Work request: All that is wanted is the exact lines from the first line of the data below through the line with "ಗುಡಿಬಂಡೆ : ನಮ್ಮ", both ends included, with pictures omitted.
(Given entries begins)
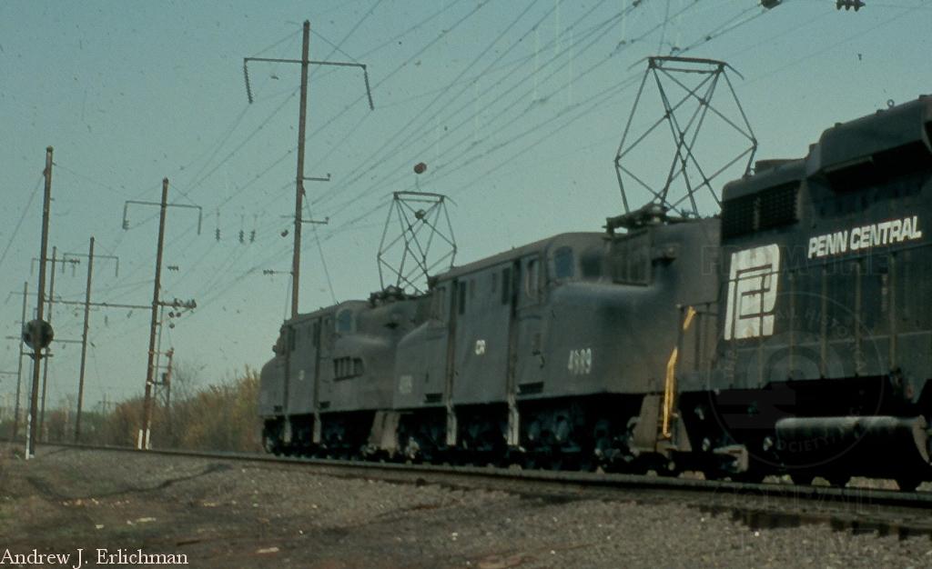 A pair of CR GG-1s (4889 is second) leads PC GP-30 2239 on a fast freight through Willow Grove, PA in April, 1977.
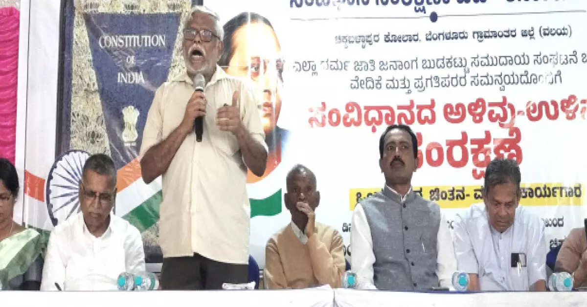 ಗುಡಿಬಂಡೆ : ನಮ್ಮ ದೇಶದ ಪ್ರಜೆಗಳ ನಾಗರಿಕ ಹಕ್ಕುಗಳನ್ನು ಪ್ರಶ್ನಿಸುವಂತಹ ಹಕ್ಕು ಚುನಾವಣಾ ಆಯೋಗಕ್ಕೆ ಇಲ್ಲ ಎಂದು ಚಿಂತಕ ಶಿವಸುಂದರ್ ಅಭಿಪ್ರಾಯ ವ್ಯಕ್ತಪಡಿಸಿದ್ದಾರೆ. ತಾಲೂಕಿನ ಬೀಚಗಾನಹಳ್ಳಿ ಗ್ರಾಮದಲ್ಲಿನ ಸಮುದಾಯ ಭವನದಲ್ಲಿ ಸಂವಿಧಾನ ಸಂರಕ್ಷಣಾ ಪಡೆ- ಕರ್ನಾಟಕದ ವತಿಯಿಂದ ಆಯೋಜಿಸಿದ್ದ ‘ಸಂವಿಧಾನ ಅಳಿವು ಉಳಿವು ಸಂರಕ್ಷಣೆ’ಯ ಒಂದು ದಿನದ ಕಾರ್ಯಾಗಾರ ಚಿಂತನ ಮಂಥನ ಕಾರ್ಯಾಗಾರದಲ್ಲಿ ಮಾತನಾಡಿದ ಅವರು, ಹಿಂದಿನ ಕಾಲದಲ್ಲಿ ರಾಜ ರಾಣಿಯ ಹೊಟ್ಟೆಯಲ್ಲಿ ಹುಟ್ಟುತ್ತಿದ್ದರು. ಈಗ ರಾಜ ಮತದಾರರ ಪಟ್ಟಿಯಲ್ಲಿ ಹುಟ್ಟುತ್ತಿದ್ದಾನೆ. ಇದು ಈ ದೇಶಕ್ಕೆ ಸಂವಿಧಾನ ಜಾರಿಯಾದಾಗಿನಿಂದ ಮಾತ್ರ. ಈ ದೇಶದ ಸಂವಿಧಾನ ಪ್ರತಿಯೊಬ್ಬ ನಾಗರಿಕನು ಸಹ ಘನತೆಯಿಂದ ಬದುಕುವಂತಹ ಹಕ್ಕನ್ನು ನೀಡಿದೆ. 18 ವರ್ಷ ತುಂಬಿದ ಈ ದೇಶದ ಪ್ರತಿಯೊಬ್ಬ ನಾಗರಿಕನಿಗೂ ಮತದಾನದ ಹಕ್ಕನ್ನು ನೀಡುವುದು ಚುನಾವಣಾ ಆಯೋಗದ ಕರ್ತವ್ಯವೂ ಆಗಿದೆ. ದೇಶದ ಪ್ರತಿಯೊಬ್ಬ ನಾಗರಿಕನಿಗೂ ಸಹ ಮತದಾನದ ಹಕ್ಕನ್ನು ಪ್ರತಿಪಾದಿಸಿದ್ದು ಡಾ .ಬಿ. ಅಂಬೇಡ್ಕರ್ ಎಂಬುದನ್ನು ಮನವರಿಕೆ ಮಾಡಿಕೊಳ್ಳಬೇಕು ಎಂದು ಹೇಳಿದರು. ಮತದಾರರ ಪಟ್ಟಿ ಪರಿಷ್ಕರಣೆಗೆ ಮನೆಗಳಿಗೆ ಬಿಎಲ್ಒ ರವರು ಬಂದು ಅರ್ಜಿಯನ್ನು ನೀಡುತ್ತಾರೆ. ಆ ಅರ್ಜಿಯನ್ನು ಭರ್ತಿ ಮಾಡಿ ಚುನಾವಣಾ ಕಚೇರಿಗೆ ತಲುಪಿಸಬೇಕು. ಇಲ್ಲವಾದರೆ ನಮ್ಮ ಹೆಸರು ಮತದಾರರ ಪಟ್ಟಿಯಲ್ಲಿ ಇರಲ್ಲ. ಮೊದಲು ಬಿಎಲ್ಒ ಅವರು ಮನೆಗಳಗೆ ಭೇಟಿ ನೀಡಿ ಹೆಸರನ್ನು ಸೇರ್ಪಡೆ ಮಾಡಿಕೊಳ್ಳುವುದು ಅಥವಾ ತೆಗೆಯುವುದನ್ನು ಮಾಡುತ್ತಿದ್ದರು. ಈಗ ಈ ರೀತಿಯಲ್ಲಿ ಮತದಾರ ಪಟ್ಟಿಯನ್ನು ಪರಿಷ್ಕರಣೆ ಮಾಡಲು ಹೊರಟಿದ್ದಾರೆ. ಇದು ತುಂಬಾ ಅಪಾಯದ ನಡೆ. ಜನರು ಎಚ್ಚರಿಕೆಯಿಂದ ಇರಬೇಕಾಗಿದೆ ಎಂದು ತಿಳಿಸಿದರು. ಈ ಸಂದರ್ಭ ಡಿಎಸ್ಎಸ್ ಹಿರಿಯ ಮುಖಂಡ ಎನ್.ವೆಂಕಟೇಶ್, ಜೀವಿಕಾ ಸಂಘಟನೆಯ ರಾಜ್ಯ ಸಂಚಾಲಕ ಕಿರಣ್ ಕಮಾಲ್ ಪ್ರಸಾದ್, ಎಲ್.ಲಕ್ಷ್ಮೀನಾರಾಯಣರೆಡ್ಡಿ, ಮುಹಮ್ಮದ್ ನೂರ್ವುಲ್ಲಾ, ಕೆಡಿಪಿ ಸದಸ್ಯ ಎಚ್.ಪಿ.ಲಕ್ಷ್ಮೀನಾರಾಯಣ, ಮಂಜುನಾಥ್ ರೆಡ್ಡಿ, ಸೌಭಾಗ್ಯಮ್ಮ, ಸೈದ್ ಬಾಷ್, ರಿಝ್ವ್ವಾನ್, ಎದ್ದೇಳು ಕರ್ನಾಟಕದ ಸಮೀರ್, ಶ್ರೀರಂಗಾಚಾರಿ, ಜೀವಿಕಾ ನಾರಾಯಣಸ್ವಾಮಿ, ಚನ್ನರಾಯಪ್ಪ, ಇನ್ನಿತರರು ಉಪಸ್ಥಿತರಿದ್ದರು. ಚುನಾವಣಾ ಆಯೋಗವು ಕಾಲಕಾಲಕ್ಕೆ ಮತದಾರರ ಪಟ್ಟಿಯನ್ನು ಪರಿಷ್ಕರಣೆ ಮಾಡುವುದು ಸಾಮಾನ್ಯ. ಆದರೆ ಜನರಿಗೆ ಅರ್ಥವಾಗದ ರೀತಿಯಲ್ಲಿ ಪರಿಷ್ಕರಣೆ ಮಾಡುವುದನ್ನು ದೇಶದ ಜನ ಮನವರಿಕೆ ಮಾಡಿಕೊಳ್ಳಬೇಕು. ದೇಶದ ನಿವಾಸಿಗಳ ಮೇಲೆ ಕೇಂದ್ರ ಸರಕಾರ ಅನುಮಾನದಿಂದ ನೋಡುತ್ತಿದೆ. -ಶಿವಸುಂದರ್, ಚಿಂತಕ
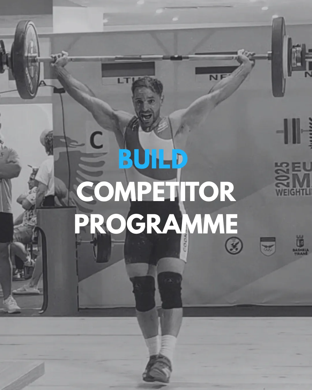 BUILD COMPETITOR combines competition-focused programming and human performance coaching to help you lift cleaner, move stronger, and compete with confidence. Perfect for lifters preparing for an upcoming meet, with weekly check-ins, personalised adjustments, and direct video/voice feedback. Includes a supportive team chat to keep you accountable and performing at your best. Build your technique, and elevate your performance on the platform.
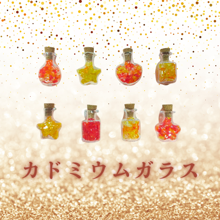 日本ではすでに生産されていない、カドミウムガラスを封入した特別な小瓶です。ブラックライト(UVライト)を当てると、幻想的に蛍光します✨
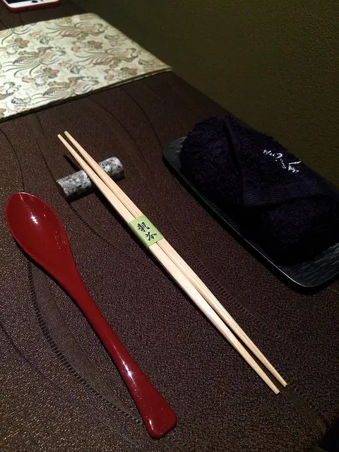 筷子很特別,兩頭都是細的,據說是為了讓你夾生食和熟食分開唷!
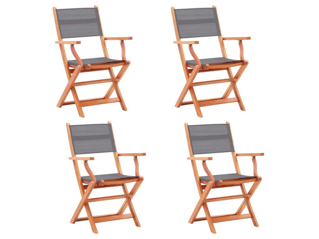 vidaXL Skladacie záhradné stoličky 4 ks sivé eukalyptový masív a textilén
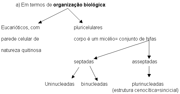 Classifique as hifas A, B e C tendo em conta a organização
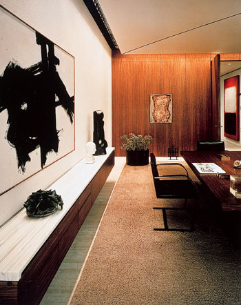 1958年には、ニューヨークの高層ビル「リーバ・ハウス」内にあった損害保険会社インシュランス本社オフィス、同年ミース・ファン・デル・ローエとフィリップ・ジョンソンが設計したシーグラム・ビルディングの「The Four Seasons Restaurant」(2019年閉店後「The Grill」)、1960年には『Look Magazine』本社オフィスのインテリアデザインを手掛けた。この頃、幾何学模様のスクリーンで有名だったエルウィン・ハウアー・スタジオとコラボレートしている。
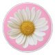A close-up photo of a white daisy flower with yellow centre on pink background.
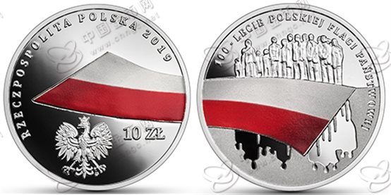 为了纪念波兰国旗100周年,波兰中央银行于2019年8月14日发行“波兰国旗100周年”纪念银币一枚。该币为波兰法定货币,由波兰造币厂铸造。
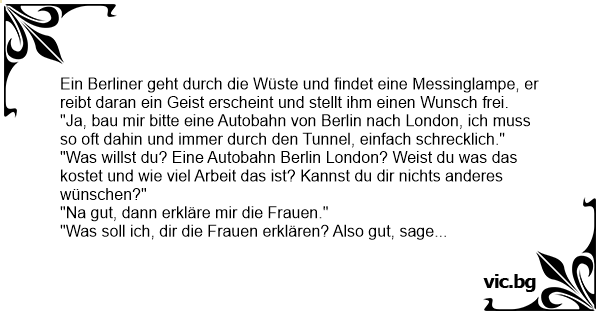 Ein Berliner geht durch die Wüste und findet eine Messinglampe, er reibt daran ein Geist erscheint und stellt ihm einen Wunsch frei.
(Given entries ends)
Response to this task:
 A pair of CR GG-1s (4889 is second) leads PC GP-30 2239 on a fast freight through Willow Grove, PA in April, 1977.
 ಗುಡಿಬಂಡೆ : ನಮ್ಮ ದೇಶದ ಪ್ರಜೆಗಳ ನಾಗರಿಕ ಹಕ್ಕುಗಳನ್ನು ಪ್ರಶ್ನಿಸುವಂತಹ ಹಕ್ಕು ಚುನಾವಣಾ ಆಯೋಗಕ್ಕೆ ಇಲ್ಲ ಎಂದು ಚಿಂತಕ ಶಿವಸುಂದರ್ ಅಭಿಪ್ರಾಯ ವ್ಯಕ್ತಪಡಿಸಿದ್ದಾರೆ. ತಾಲೂಕಿನ ಬೀಚಗಾನಹಳ್ಳಿ ಗ್ರಾಮದಲ್ಲಿನ ಸಮುದಾಯ ಭವನದಲ್ಲಿ ಸಂವಿಧಾನ ಸಂರಕ್ಷಣಾ ಪಡೆ- ಕರ್ನಾಟಕದ ವತಿಯಿಂದ ಆಯೋಜಿಸಿದ್ದ ‘ಸಂವಿಧಾನ ಅಳಿವು ಉಳಿವು ಸಂರಕ್ಷಣೆ’ಯ ಒಂದು ದಿನದ ಕಾರ್ಯಾಗಾರ ಚಿಂತನ ಮಂಥನ ಕಾರ್ಯಾಗಾರದಲ್ಲಿ ಮಾತನಾಡಿದ ಅವರು, ಹಿಂದಿನ ಕಾಲದಲ್ಲಿ ರಾಜ ರಾಣಿಯ ಹೊಟ್ಟೆಯಲ್ಲಿ ಹುಟ್ಟುತ್ತಿದ್ದರು. ಈಗ ರಾಜ ಮತದಾರರ ಪಟ್ಟಿಯಲ್ಲಿ ಹುಟ್ಟುತ್ತಿದ್ದಾನೆ. ಇದು ಈ ದೇಶಕ್ಕೆ ಸಂವಿಧಾನ ಜಾರಿಯಾದಾಗಿನಿಂದ ಮಾತ್ರ. ಈ ದೇಶದ ಸಂವಿಧಾನ ಪ್ರತಿಯೊಬ್ಬ ನಾಗರಿಕನು ಸಹ ಘನತೆಯಿಂದ ಬದುಕುವಂತಹ ಹಕ್ಕನ್ನು ನೀಡಿದೆ. 18 ವರ್ಷ ತುಂಬಿದ ಈ ದೇಶದ ಪ್ರತಿಯೊಬ್ಬ ನಾಗರಿಕನಿಗೂ ಮತದಾನದ ಹಕ್ಕನ್ನು ನೀಡುವುದು ಚುನಾವಣಾ ಆಯೋಗದ ಕರ್ತವ್ಯವೂ ಆಗಿದೆ. ದೇಶದ ಪ್ರತಿಯೊಬ್ಬ ನಾಗರಿಕನಿಗೂ ಸಹ ಮತದಾನದ ಹಕ್ಕನ್ನು ಪ್ರತಿಪಾದಿಸಿದ್ದು ಡಾ .ಬಿ. ಅಂಬೇಡ್ಕರ್ ಎಂಬುದನ್ನು ಮನವರಿಕೆ ಮಾಡಿಕೊಳ್ಳಬೇಕು ಎಂದು ಹೇಳಿದರು. ಮತದಾರರ ಪಟ್ಟಿ ಪರಿಷ್ಕರಣೆಗೆ ಮನೆಗಳಿಗೆ ಬಿಎಲ್ಒ ರವರು ಬಂದು ಅರ್ಜಿಯನ್ನು ನೀಡುತ್ತಾರೆ. ಆ ಅರ್ಜಿಯನ್ನು ಭರ್ತಿ ಮಾಡಿ ಚುನಾವಣಾ ಕಚೇರಿಗೆ ತಲುಪಿಸಬೇಕು. ಇಲ್ಲವಾದರೆ ನಮ್ಮ ಹೆಸರು ಮತದಾರರ ಪಟ್ಟಿಯಲ್ಲಿ ಇರಲ್ಲ. ಮೊದಲು ಬಿಎಲ್ಒ ಅವರು ಮನೆಗಳಗೆ ಭೇಟಿ ನೀಡಿ ಹೆಸರನ್ನು ಸೇರ್ಪಡೆ ಮಾಡಿಕೊಳ್ಳುವುದು ಅಥವಾ ತೆಗೆಯುವುದನ್ನು ಮಾಡುತ್ತಿದ್ದರು. ಈಗ ಈ ರೀತಿಯಲ್ಲಿ ಮತದಾರ ಪಟ್ಟಿಯನ್ನು ಪರಿಷ್ಕರಣೆ ಮಾಡಲು ಹೊರಟಿದ್ದಾರೆ. ಇದು ತುಂಬಾ ಅಪಾಯದ ನಡೆ. ಜನರು ಎಚ್ಚರಿಕೆಯಿಂದ ಇರಬೇಕಾಗಿದೆ ಎಂದು ತಿಳಿಸಿದರು. ಈ ಸಂದರ್ಭ ಡಿಎಸ್ಎಸ್ ಹಿರಿಯ ಮುಖಂಡ ಎನ್.ವೆಂಕಟೇಶ್, ಜೀವಿಕಾ ಸಂಘಟನೆಯ ರಾಜ್ಯ ಸಂಚಾಲಕ ಕಿರಣ್ ಕಮಾಲ್ ಪ್ರಸಾದ್, ಎಲ್.ಲಕ್ಷ್ಮೀನಾರಾಯಣರೆಡ್ಡಿ, ಮುಹಮ್ಮದ್ ನೂರ್ವುಲ್ಲಾ, ಕೆಡಿಪಿ ಸದಸ್ಯ ಎಚ್.ಪಿ.ಲಕ್ಷ್ಮೀನಾರಾಯಣ, ಮಂಜುನಾಥ್ ರೆಡ್ಡಿ, ಸೌಭಾಗ್ಯಮ್ಮ, ಸೈದ್ ಬಾಷ್, ರಿಝ್ವ್ವಾನ್, ಎದ್ದೇಳು ಕರ್ನಾಟಕದ ಸಮೀರ್, ಶ್ರೀರಂಗಾಚಾರಿ, ಜೀವಿಕಾ ನಾರಾಯಣಸ್ವಾಮಿ, ಚನ್ನರಾಯಪ್ಪ, ಇನ್ನಿತರರು ಉಪಸ್ಥಿತರಿದ್ದರು. ಚುನಾವಣಾ ಆಯೋಗವು ಕಾಲಕಾಲಕ್ಕೆ ಮತದಾರರ ಪಟ್ಟಿಯನ್ನು ಪರಿಷ್ಕರಣೆ ಮಾಡುವುದು ಸಾಮಾನ್ಯ. ಆದರೆ ಜನರಿಗೆ ಅರ್ಥವಾಗದ ರೀತಿಯಲ್ಲಿ ಪರಿಷ್ಕರಣೆ ಮಾಡುವುದನ್ನು ದೇಶದ ಜನ ಮನವರಿಕೆ ಮಾಡಿಕೊಳ್ಳಬೇಕು. ದೇಶದ ನಿವಾಸಿಗಳ ಮೇಲೆ ಕೇಂದ್ರ ಸರಕಾರ ಅನುಮಾನದಿಂದ ನೋಡುತ್ತಿದೆ. -ಶಿವಸುಂದರ್, ಚಿಂತಕ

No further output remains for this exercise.